1986/Brain makes its way into our computers

The next 15 years did not get rid of the descendants of CREEPER. But with computers still rare and few connected to each other beyond small LANs, their effects were limited. Until 1986, when Brain started infecting floppy disks in the still recent IBM PCs.

Again, Brain was not designed to be evil. Written by two brothers in Pakistan, the virus made floppy disks unreadable in order to control piracy of a commercial software package made by themselves. When it was discovered, they offered affected legitimate users the resources to disinfect their disks.

But with the ability to make floppy disks unreadable, Brain went beyond CREEPER by not only sending a piece of text, but executing code. Brain was real malware, truly the first virus. His legacy lives on in every illicit virus circulating today. What happened to those pioneers of malware? His business is still running, operating an ISP in Pakistan. Apparently they still get calls from time to time.

Also read: How to spy on your Mobile for free

1989/The epidemic:

At this point, something was missing in the history of malware: true malice. All that changed in 1989, when Joseph Popp created the first ransomware .

Its creator, curiously, was a medical worker with a doctorate from Harvard University. Masquerading as a free application to test the subject’s susceptibility to HIV, it sent 5.25 ”diskettes to 20,000 addresses. This virus was called – with much political incorrectness – AIDS Trojan. Once on disk, it encrypted data on an encrypted volume that would only be decrypted for payment. The price was $ 189 to pay through an account in Panama.

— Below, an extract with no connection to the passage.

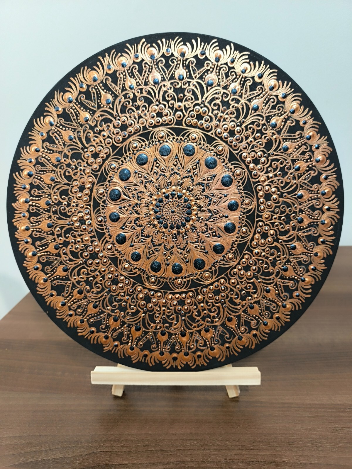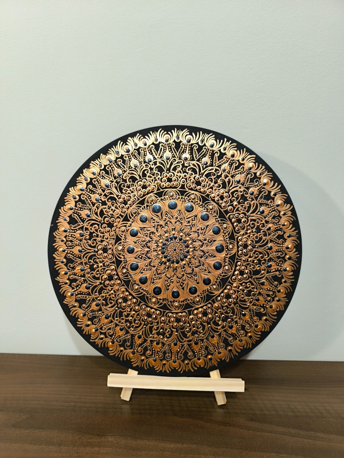• hand painted mandala with metallic colors
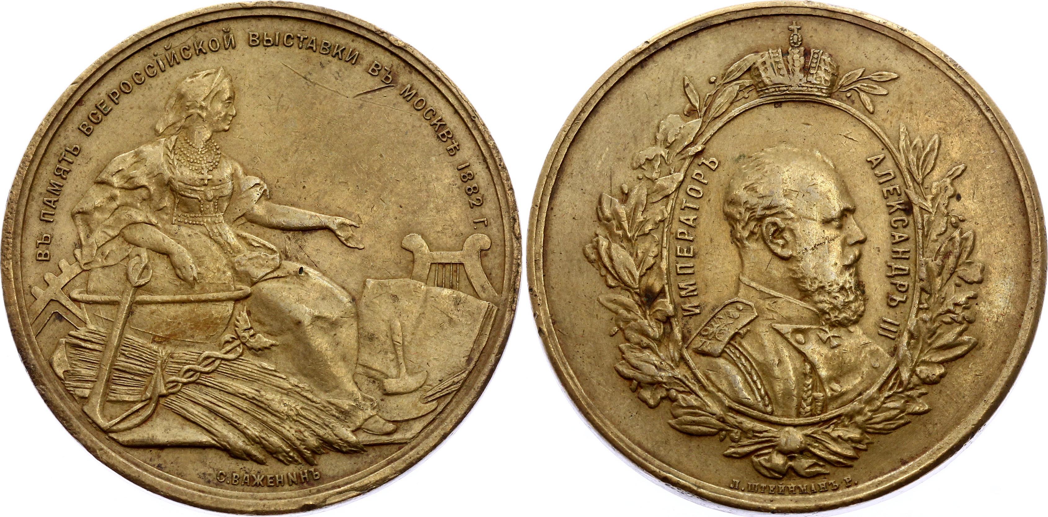 Russia Bronze Medal "In Memory of the Pan-Russian Exposition in Moscow 1882" Alexander III 1882 L. Steinman & S. Vazhenin

Fortunately, few users suffered from it. But as the first ransomware, it created a lot of frustration, confusion, and anger among thousands of researchers.

1989/Predatory Crudeness:

In the 1990s, ransomware gained an evolutionary advantage. With public key cryptography, ransomware creators could unlock millions of discs encoded with a unique “key”, but only in conjunction with a second “key” purchased by the victim. In other words, your ransom payment would only unlock one computer: yours.

At this point, cybercrime escalated. In 1995, millions of computers – not just from the world of academia – began connecting to a fun hormonal bulletin board called the World Wide Web. Today, ransomware is perhaps the most insidious threat to an individual’s connected work. It seals your data – and often your livelihood – within an encrypted safe, while payment is only accepted in BitCoin or other virtual currencies, leaving no trace in the formal financial system.

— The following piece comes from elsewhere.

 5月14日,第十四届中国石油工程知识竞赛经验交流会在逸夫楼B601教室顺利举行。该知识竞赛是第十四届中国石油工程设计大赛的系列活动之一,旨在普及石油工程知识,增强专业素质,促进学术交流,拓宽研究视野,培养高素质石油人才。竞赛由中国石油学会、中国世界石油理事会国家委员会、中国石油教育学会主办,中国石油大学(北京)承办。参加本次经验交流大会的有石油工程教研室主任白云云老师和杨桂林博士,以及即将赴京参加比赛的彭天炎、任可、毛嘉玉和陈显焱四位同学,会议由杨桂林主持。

And there are too many paths to your data with everything connected to everything else. There can be a breach through the Internet of Things of Bring Your Own Device, cloud services, POS terminals, CCTV cameras, industrial control systems. Any device can be a gateway to corporate data and some they cannot even be locked.

So the next five years signal another change: towards machine learning or AI. In short, the attack software will be able to learn. Not just snooping around your server or flooding it, or tampering with your passwords, but adapting to attack where you are most vulnerable.

How to protect from malware attacks

Fortunately, there is some evolution. As attacks have grown more powerful, so have defenses. Most work computers have antivirus software installed; most users know how to keep patches and updates up to date; people want to learn, if you are willing to explain.

Furthermore, the same technologies that enable malware can be used to combat it. Millions of professionals store their data on encrypted volumes that cannot be maliciously tampered with. Around a fifth of PCs have full hard drive encryption, antivirus software vendors cover hundreds of millions of machines, learning from each attack and offering updates against the latest threats every day.

In this way, ransomware, despite always being a risk for businesses today, can be disarmed through adequate security policies and active monitoring of your network configuration, even in the world of BYOD and Shadow IT. So if you ever get depressed thinking about malware, remember that it can be fought.